_ASSIGNMENT_
Copy nothing but the lines below running from the line containing "如图所示,海正药业( 600" through the line containing "圖為西藏大學(xué)建筑系學(xué)生正在手繪羅布林卡內(nèi)的建筑。 中新社記者 貢嘎來(lái)松", both end lines included.

(DATASET EXCERPTS)

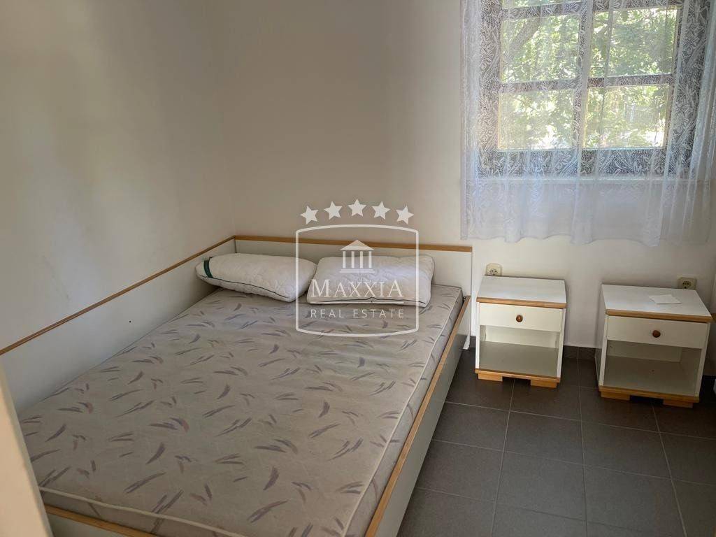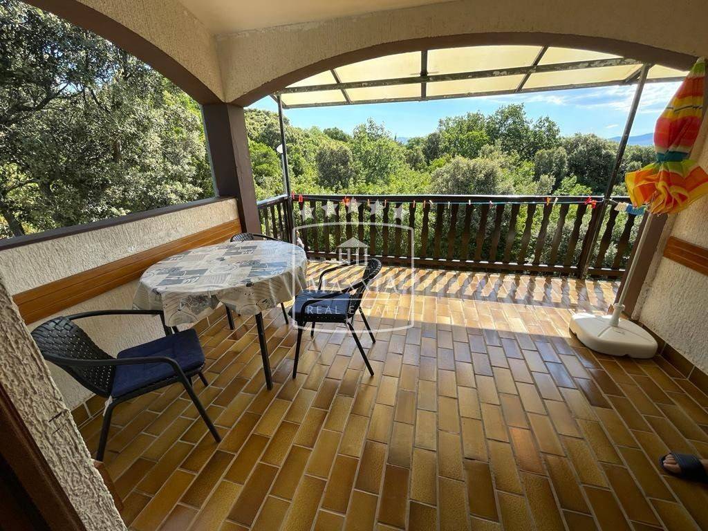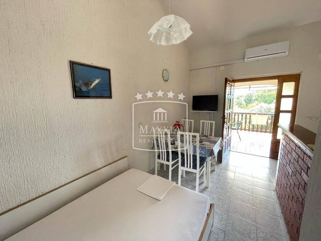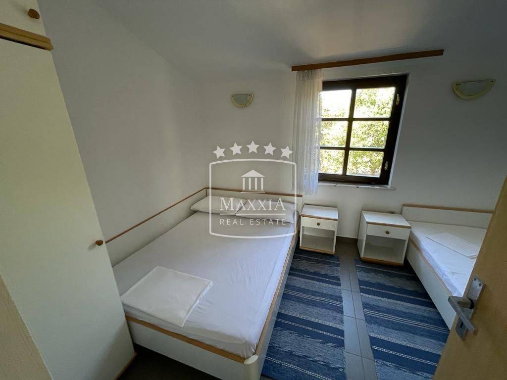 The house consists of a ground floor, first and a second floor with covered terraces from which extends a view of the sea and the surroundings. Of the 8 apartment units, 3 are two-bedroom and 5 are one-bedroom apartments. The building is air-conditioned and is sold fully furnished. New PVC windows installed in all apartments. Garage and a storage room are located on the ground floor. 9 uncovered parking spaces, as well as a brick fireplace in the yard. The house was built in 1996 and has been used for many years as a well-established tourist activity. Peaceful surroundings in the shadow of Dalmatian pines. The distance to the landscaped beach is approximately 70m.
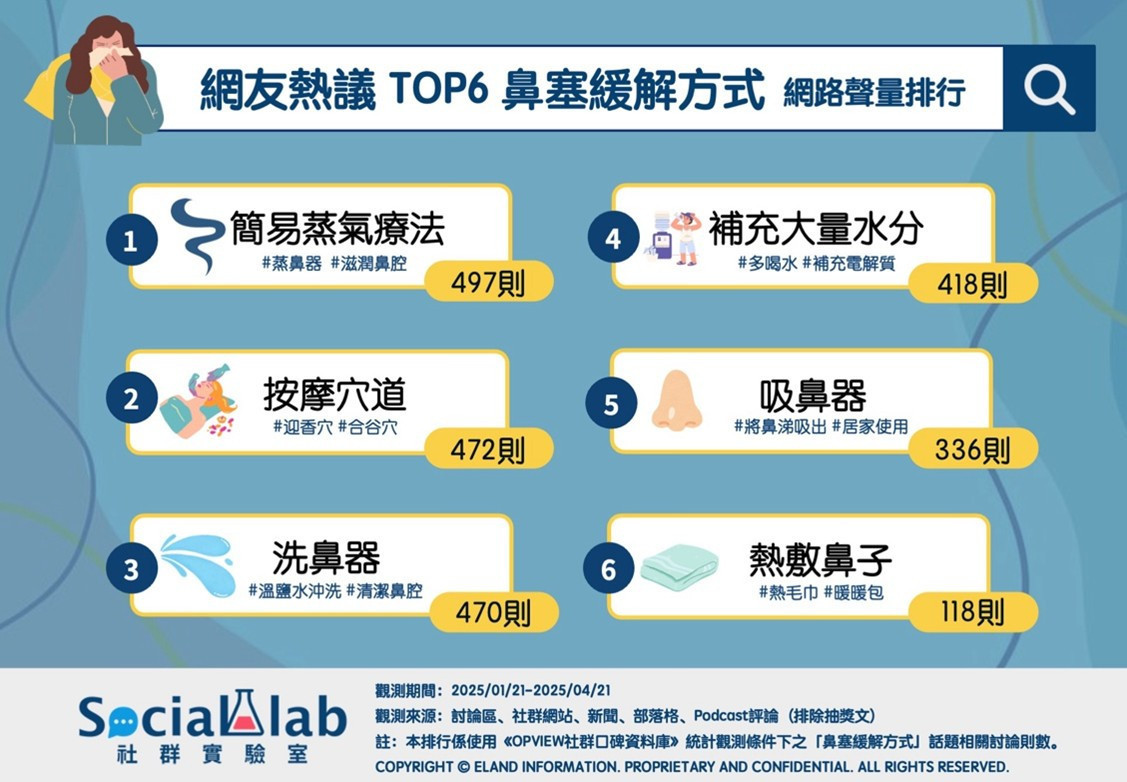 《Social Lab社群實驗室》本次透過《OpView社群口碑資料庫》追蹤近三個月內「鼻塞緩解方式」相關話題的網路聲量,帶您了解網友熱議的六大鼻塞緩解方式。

(End DATASET EXCERPTS)
(DATASET EXCERPTS)

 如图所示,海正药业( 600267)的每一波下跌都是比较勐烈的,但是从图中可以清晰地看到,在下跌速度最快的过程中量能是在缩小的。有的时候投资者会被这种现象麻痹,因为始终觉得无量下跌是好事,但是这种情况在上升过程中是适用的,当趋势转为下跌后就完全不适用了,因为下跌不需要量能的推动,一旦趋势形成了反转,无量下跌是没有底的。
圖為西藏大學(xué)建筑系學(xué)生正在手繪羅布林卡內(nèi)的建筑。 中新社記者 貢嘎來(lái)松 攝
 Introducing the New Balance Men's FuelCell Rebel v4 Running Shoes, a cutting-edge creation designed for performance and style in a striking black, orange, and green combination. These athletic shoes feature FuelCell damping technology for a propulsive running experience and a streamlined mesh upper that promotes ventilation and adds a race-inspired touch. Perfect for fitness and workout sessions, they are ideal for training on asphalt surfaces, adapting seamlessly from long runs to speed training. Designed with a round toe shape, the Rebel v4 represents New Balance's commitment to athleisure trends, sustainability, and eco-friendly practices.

(End DATASET EXCERPTS)
(DATASET EXCERPTS)

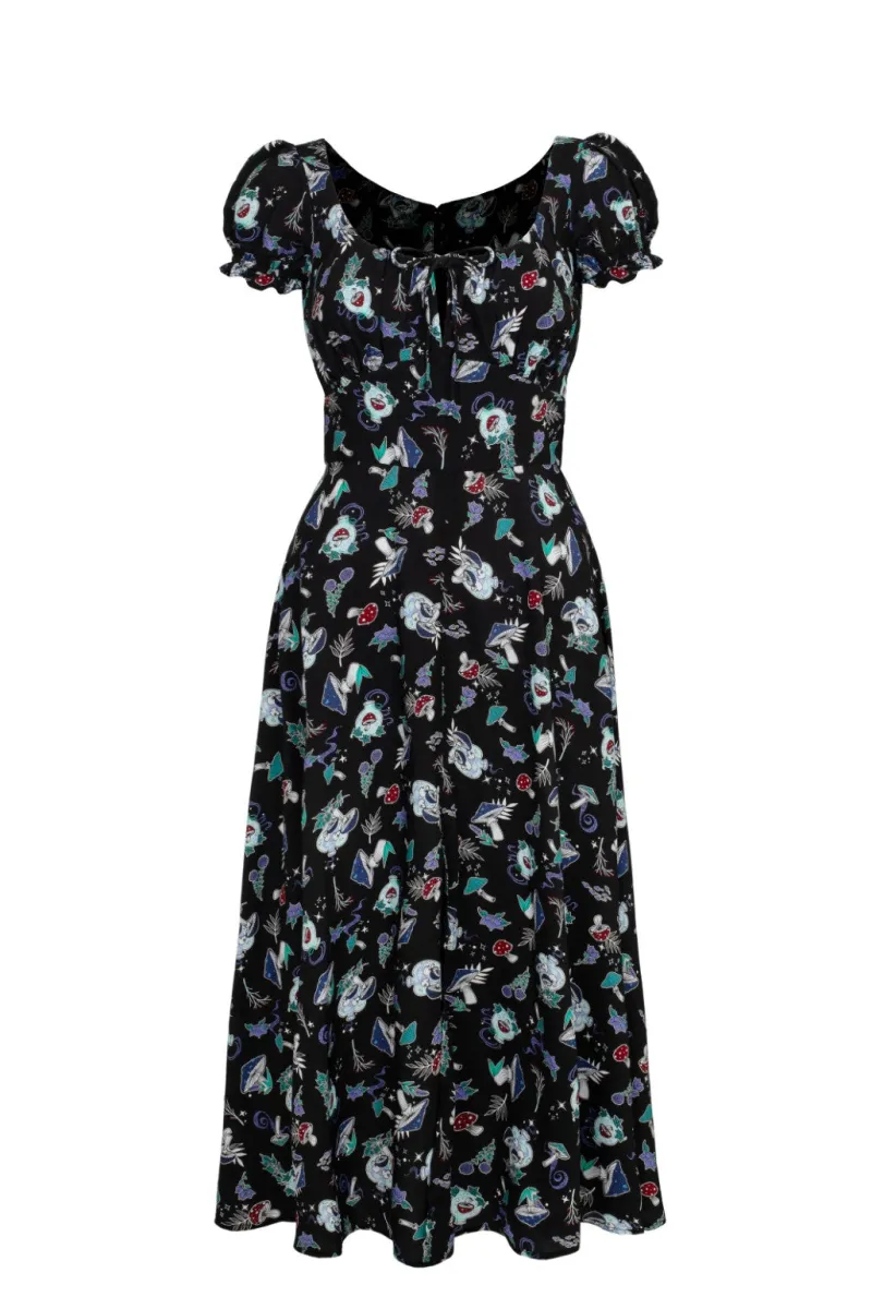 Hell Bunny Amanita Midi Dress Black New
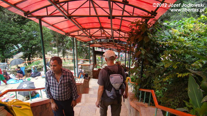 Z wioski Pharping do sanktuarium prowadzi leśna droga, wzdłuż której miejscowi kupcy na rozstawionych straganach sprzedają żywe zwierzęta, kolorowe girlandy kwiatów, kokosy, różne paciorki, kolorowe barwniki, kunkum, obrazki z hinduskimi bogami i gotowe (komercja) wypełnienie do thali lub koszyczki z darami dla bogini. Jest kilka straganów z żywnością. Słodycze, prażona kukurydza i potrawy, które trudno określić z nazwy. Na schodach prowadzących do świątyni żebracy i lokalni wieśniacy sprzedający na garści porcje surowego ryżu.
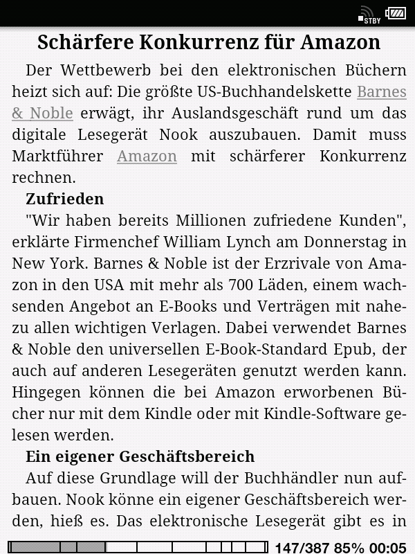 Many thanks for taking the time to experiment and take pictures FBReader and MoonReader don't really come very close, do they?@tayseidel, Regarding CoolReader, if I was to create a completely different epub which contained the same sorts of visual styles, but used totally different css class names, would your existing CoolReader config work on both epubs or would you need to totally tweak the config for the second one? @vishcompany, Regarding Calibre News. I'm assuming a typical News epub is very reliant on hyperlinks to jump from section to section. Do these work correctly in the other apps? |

(End DATASET EXCERPTS)

_THE ANSWER_
 如图所示,海正药业( 600267)的每一波下跌都是比较勐烈的,但是从图中可以清晰地看到,在下跌速度最快的过程中量能是在缩小的。有的时候投资者会被这种现象麻痹,因为始终觉得无量下跌是好事,但是这种情况在上升过程中是适用的,当趋势转为下跌后就完全不适用了,因为下跌不需要量能的推动,一旦趋势形成了反转,无量下跌是没有底的。
圖為西藏大學(xué)建筑系學(xué)生正在手繪羅布林卡內(nèi)的建筑。 中新社記者 貢嘎來(lái)松 攝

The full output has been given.